Живет Карл Леонхардович здесь же, при музее, в деревянном пристрое, и странное на первый взгляд совмещение им столь разных обязанностей объясняется просто.
Сад-заповедник принадлежит колхозу "Сибиряк" и одновременно является филиалом областного краеведческого музея.
– С чего же начнем? – спрашивает Карл Леонхардович. – С музея или с сада?
– Конечно, с сада!
После прохладной комнаты на улице кажется еще жарче; если пристально смотреть, видно, как в воздухе струится марево.
– Сегодня тут тихо; выходной, – объясняет Карл Леонхардович. – А так-то много приезжают...
Мы проходим в калитку, делаем несколько шагов по желтой, обсаженной с обеих сторон сине-бархатными виолами дорожке, и кажется, попадаем в другой мир.
Шумят высокие кроны сосен-дозорных, в зеленом сумраке листвы дробятся солнечные лучи, прохлада овевает разгоряченное лицо. На полянке, под развесистым дубом, высится, словно ледяной столбик, обелиск. На светлом мраморе высечены гордые некрасовские строки:
Воля и труд человека
Дивные дива творят.
– Здесь он и похоронен, – кивает Карл Леонхардович.
...Лот шестьдесят назад на правом берегу Иртыша, в сорока верстах от губернского города, появилась группа людей.
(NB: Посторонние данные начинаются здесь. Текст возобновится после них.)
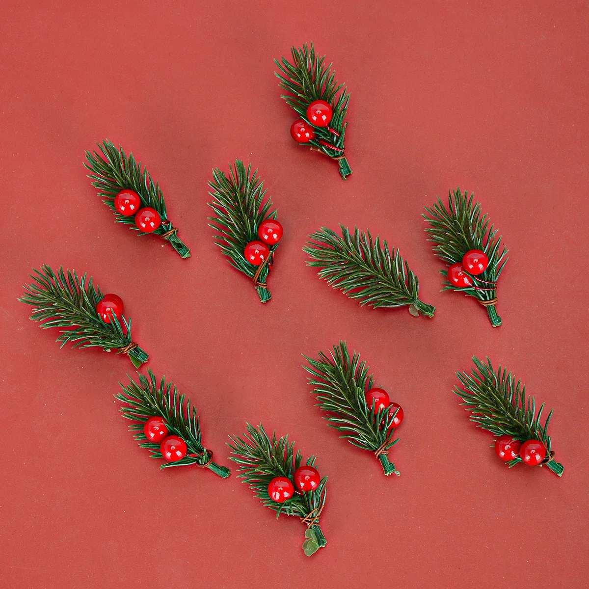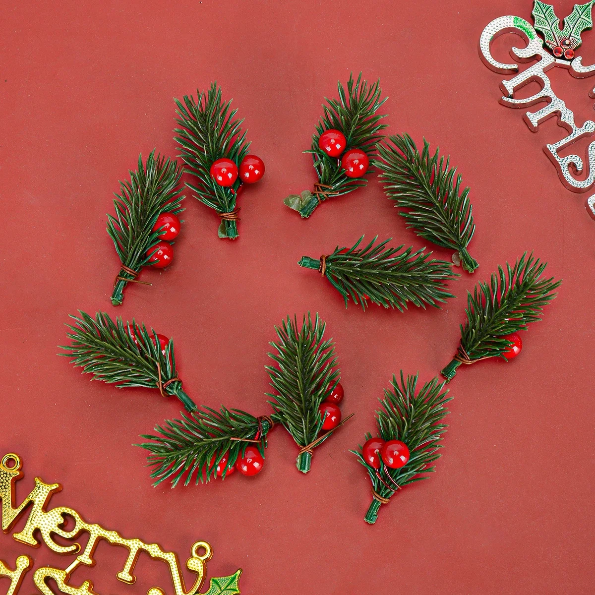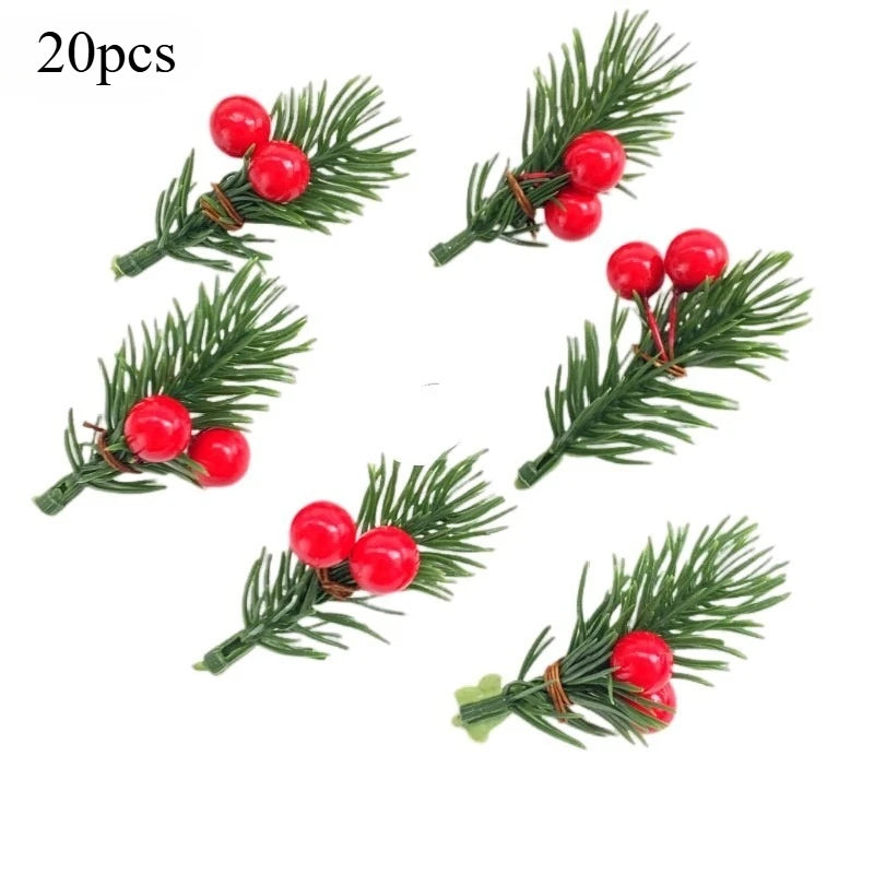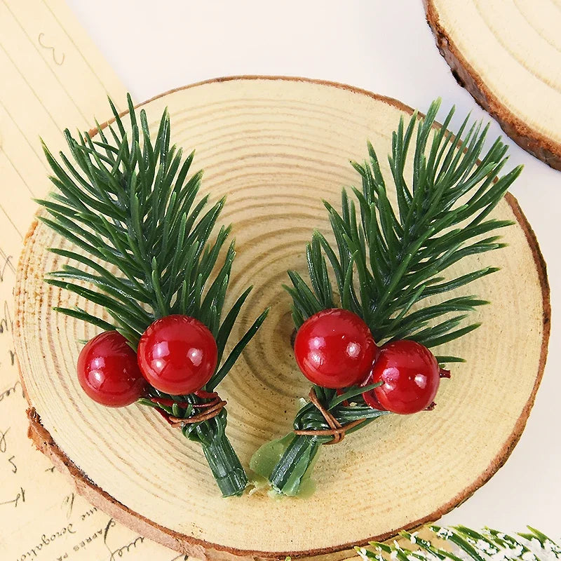 Qfdian Mini Plastic Simulation Red Berries Bouquet Christmas Artificial Pine Needle Berry Home Party Decor DIY Craft Garland Decoration

Пожилая женщина и ее молоденькая сноха месили глину, клали саманные стены, отец и сын копали в голой осенней степи ямки, сажали в них тонкие коричневые прутики...
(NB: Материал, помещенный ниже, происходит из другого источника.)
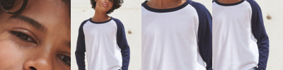 100% cotton.* Single jersey. Contrast ribbed collar. Taped back neck. Contrast raglan sleeves. Longer length. Twin needle curved hem. Tear out label.

Станичники, изредка приезжавшие взглянуть на чудаковатого переселенца с Волги, только ухмылялись.
Стоящее ли это дело – пытаться развести сад в Сибири?
Картошка – вот сибирское яблоко, и коли так самим богом велено, то и мудрить нечего!..
Свирепые сибирские морозы убивали посадки. Бывало, что деревца успевали окрепнуть, вытянуться, но каждый раз заканчивалось одинаково. Лютые, почти бесснежные зимы со звоном раскалывали трещинами землю, секли неокрепшие корни, и по весне на черных ломких ветках не зеленело ни одного листочка.
Стискивая зубы, садовод начинал все сызнова. К редким уцелевшим деревцам добавлялись новые; в зиму, словно малых детей, укрывали их ивовыми прутьями и засыпали с верхом снегом; доставлялись с почты полученные из Забайкалья посылки с саженцами дикой сибирской яблони, которую заманчиво было породнить с европейскими сортами. Семья работала от зари дотемна, а по вечерам, когда одуревший от усталости сын забывался каменным сном и глухо, в забытьи, постанывали жена и невестка, выносившие в иные дни с Иртыша, в гору, по семьсот ведер воды, – поседевший за эти годы садовод зажигал "семилинейку", склонялся над свежими номерами журналов. Искал он в них всегда одно и то же – статьи о работах козловского опытника Мичурина...
Десятилетний каторжный труд в конце концов победил. Сибирские зимы оставались такими же суровыми, но в саду росли и плодоносили новые, не боящиеся морозов сорта, получившие простые звучные названия: Первак, Красавка, Сибирская бель... Фруктовые деревья разрослись, зацвели сирень и жасмин; зашумели узорные листья рябин и кленов; уверенно пошли в рост нежные южанки – туя и белая шелковица; заслоняя их от ледяных зимних и горячих летних ветров, встали по границам сада высокие сосны.
Слава о необычном саде, этом зеленом островке в степи, прокатилась по всей Сибири. В благодатный уголок на берегу Иртыша, напоенный медовыми запахами трав и цветов, хлынули толпы гостей. Самодовольно прогуливался по аллеям генерал-губернатор Степного края.
Еще бы – не где-нибудь, а у него русский мужик победил сибирский климат!..
Молва о саде переходила из уст в уста и заинтересовала наконец ученые общества. Старый садовод с успехом экспонирует плоды своего труда на Западно-Сибирской выставке, на юбилейной Всероссийской промышленной выставке, заслуги его оказались настолько блистательны, что его избирают почетным членом Императорского Российского общества садоводства и огородничества.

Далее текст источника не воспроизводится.